Il ministro dell’industria, Francois Loos, ha
infatti annunciato che il governo di De Villepin intende pubblicare
una lista di settori strategici da tutelare dagli "attacchi"
stranieri. "La nostra politica non è opporci sistematicamente
all’acquisto di gruppi francesi da parte di investitori stranieri -
ha spiegato Loos - Intendiamo fare in modo che le aggregazioni
avvengano ad armi pari, in modo da preservare la competitività del
nostro sistema produttivo".
La scelta francese ha provocato l’immediata levata
di scudi dell’Unione europea che non ci ha pensato due volte a
inviare un altolà: «Sono le leggi europee che regolano la questione
delle opa e non abbiamo motivo di dubitare che le autorità francesi
non tengano conto». Eppure, il commissario europeo alla
competitività, Guenter Verheugen ci ha tenuto a mettere in guardia
Parigi, precisando che «le norme europee del mercato interno sono un
principio fondamentale», da rispettare. Secondo le intenzioni, il
governo francese avrebbe intenzione di far valere il principio di
reciprocità presente nell’Unione: se le aziende straniere
acquisteranno società francesi, dovranno fornire eguale opportunità
nel loro paese. «Solo così - spiega il ministro Loos - le imprese
potranno difendersi dai loro assalitori». A esser tutelati dallo
Stato saranno soprattutto energia e difesa ma anche i colossi
dell’economia francese come la Danone. A fine luglio, infatti,
indiscrezioni di mercato avevano portato alla luce l’interesse degli
statunitensi per il gruppo alimentare francese. La cosa non era
piaciuta affatto, tanto che l’allarme aveva coinvolto tutto il
sistema politico e onde evitare che l’azienda finisse in mani
straniere si era mobilitato lo stato maggiore nazionale. «La
pubblicazione del decreto e l’indicazione dei settori strategici -
assicura il ministro Loos - forniranno un quadro chiaro agli
investitori stranieri che intendono fare shopping in Francia».

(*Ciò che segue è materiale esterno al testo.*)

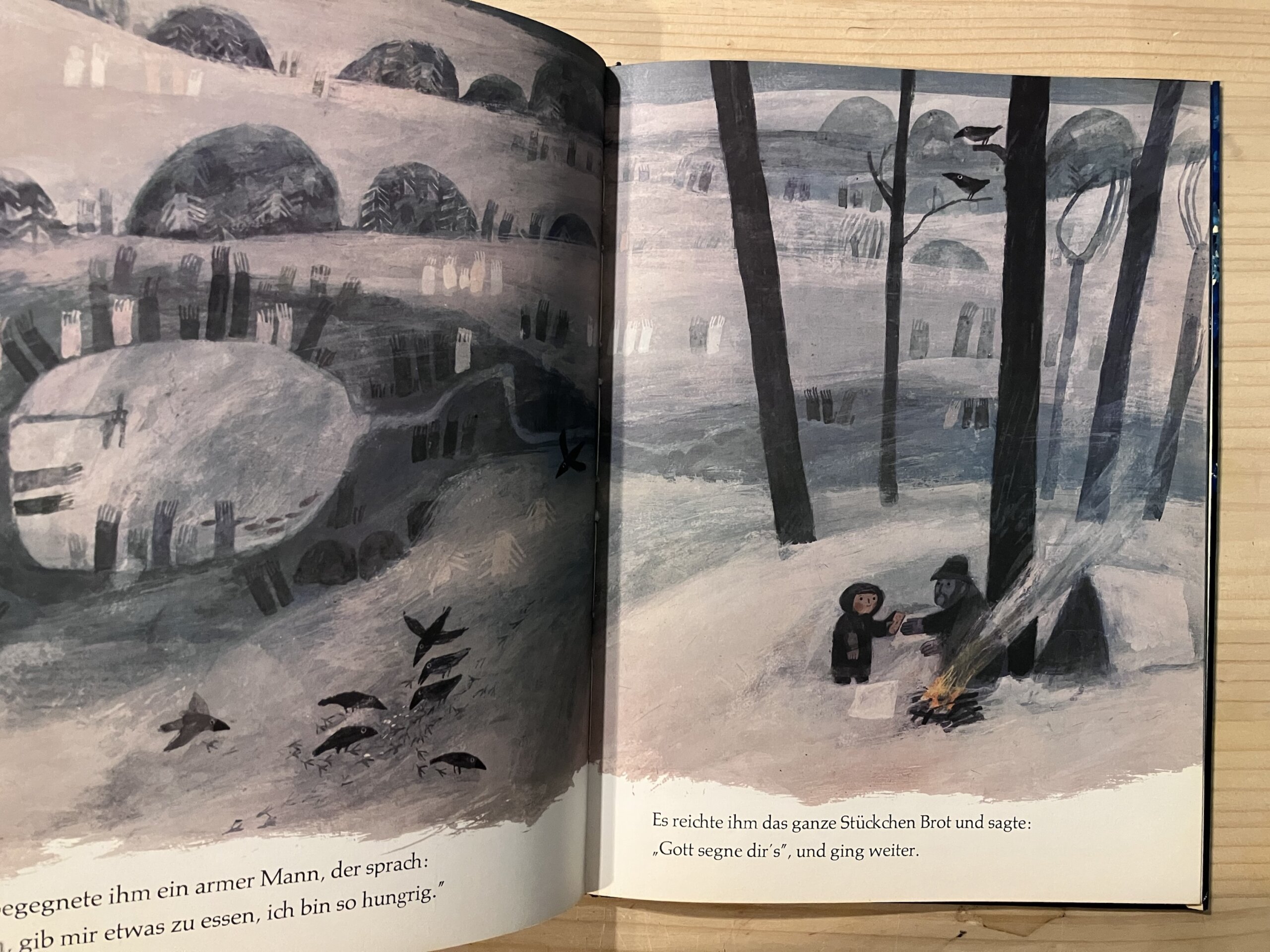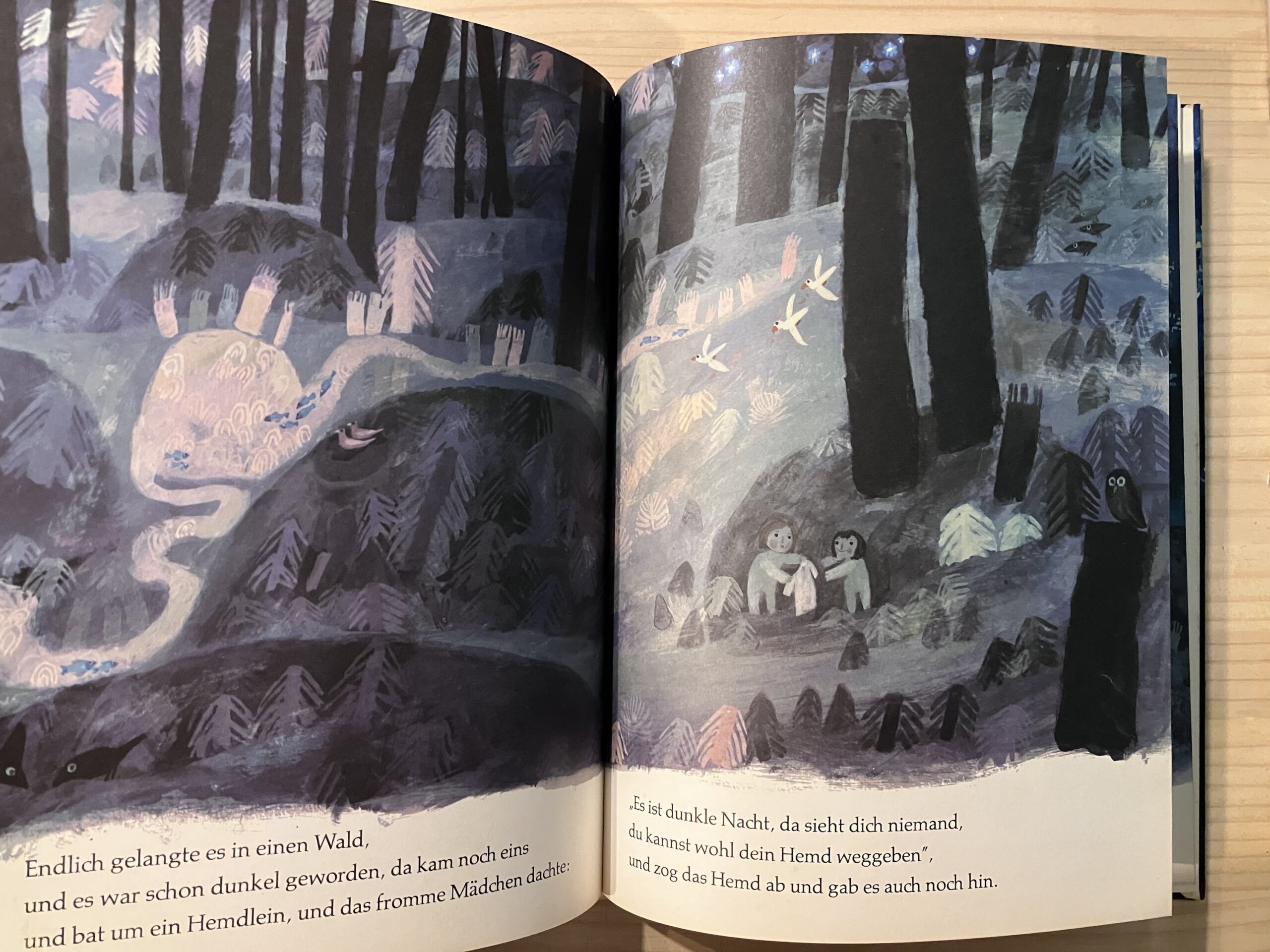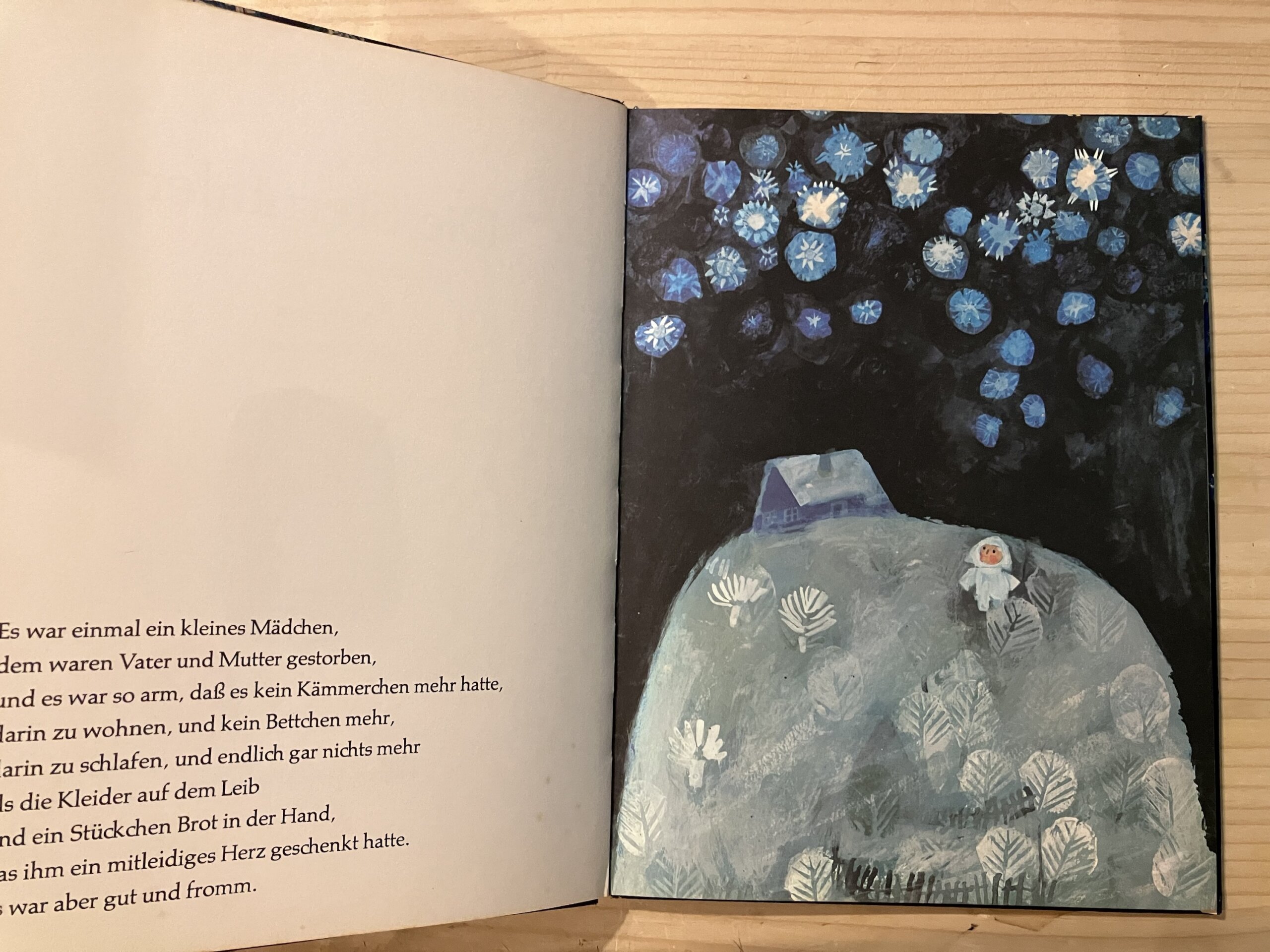 幻想的で詩的な筆致を活かして挿絵を手がけたグリム童話『星の銀貨(Sterntaler)』は、
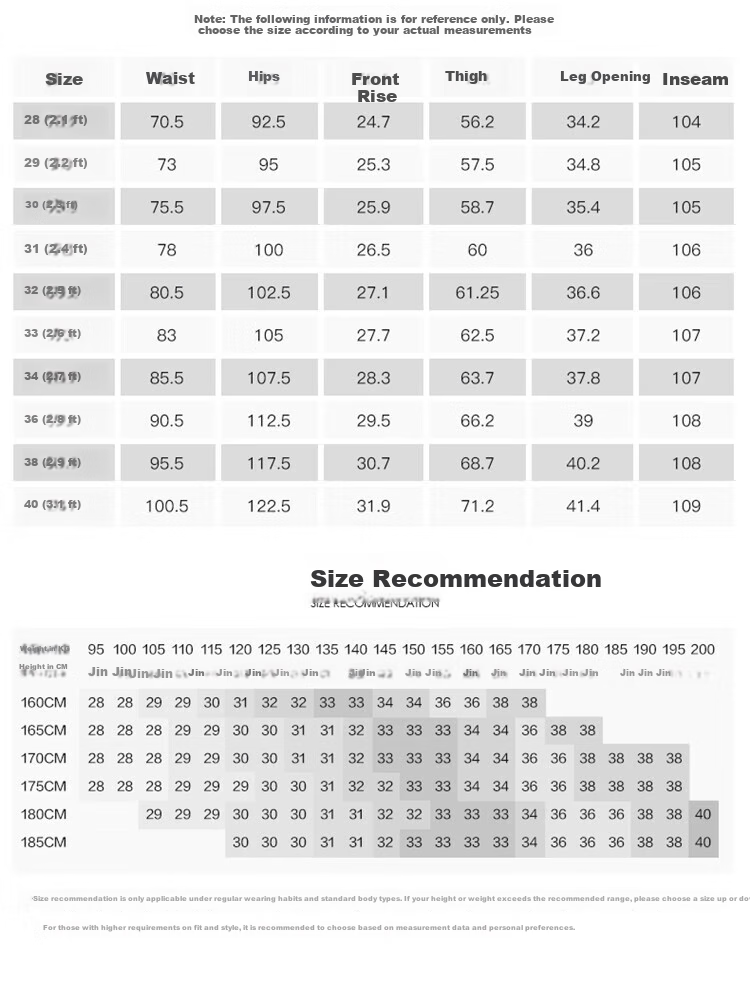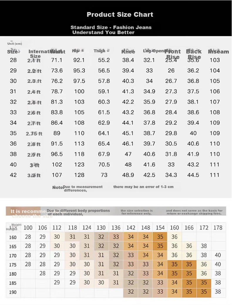 **Note:** Measurements may vary by 1-3 cm. Please refer to the size chart and choose accordingly based on your body proportions.
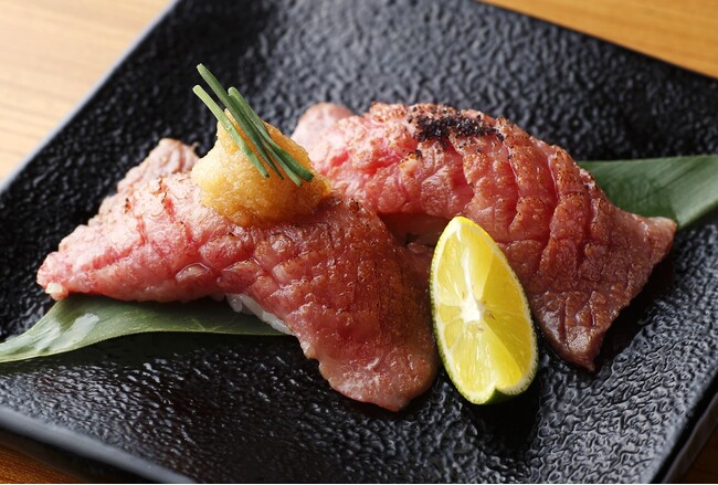 周囲を山々に囲まれ、加古川がゆるやかに流れる兵庫県西脇市の美しい風景にとけこむ 「川岸牧場」。清潔な牛舎の中では、常にクラシック音楽が流れ、ストレスを感じずにリラックスできる環境でのびのびと育てられた牛は、数々の品評会で優秀な成績を収め、その良質な脂の旨みときめ細かな肉質から“奇跡の肉”とも呼ばれています。その“川岸牧場”から直送された厳選された神戸ビーフを、ディナータイム(一部要差額)でご堪能いただけます。また、元寿司職人の経歴を持つ高木オーナー自慢の黒毛和牛の炙り握り

Sta di fatto che questo intervento statale a difesa
dell’economia è visto positivamente da molti. E’ il caso di Paolo
Ferrero, responsabile economia e lavoro del Prc che sottolinea come
«quello francese, essendo un procedimento limpido, dovrebbe essere
d’indicazione per molti altri paesi». Per lui non si tratterebbe di
protezionismo - come commentano invece da più parti - ma di «una
legittima forma di intervento volto a mantenere alta l’attenzione
sul proprio territorio. Una prassi che mira a scongiurare le
scorribande di chiunque e che riafferma il principio dell’intervento
pubblico sull’economia. Cosa che - aggiunge - dovrebbe essere
invocata anche in Italia, come nel caso della Fiat». L’invito che
viene dalla Francia, secondo Ferrero, dovrebbe essere accolto come
elemento di riflessione. Di parere contrario, Pierluigi Bersani,
responsabile economia dei Ds. «Bisogna che la Francia si adegui alla
normativa comunitaria - ha dichiarato - In Italia c’è bisogno di un
percorso opposto. Auspicherei processi di integrazione più che forme
di protezionismo su scala nazionale. Reputo opportuno che la Francia
si faccia promotrice di iniziative europee e non "franco-francesi"».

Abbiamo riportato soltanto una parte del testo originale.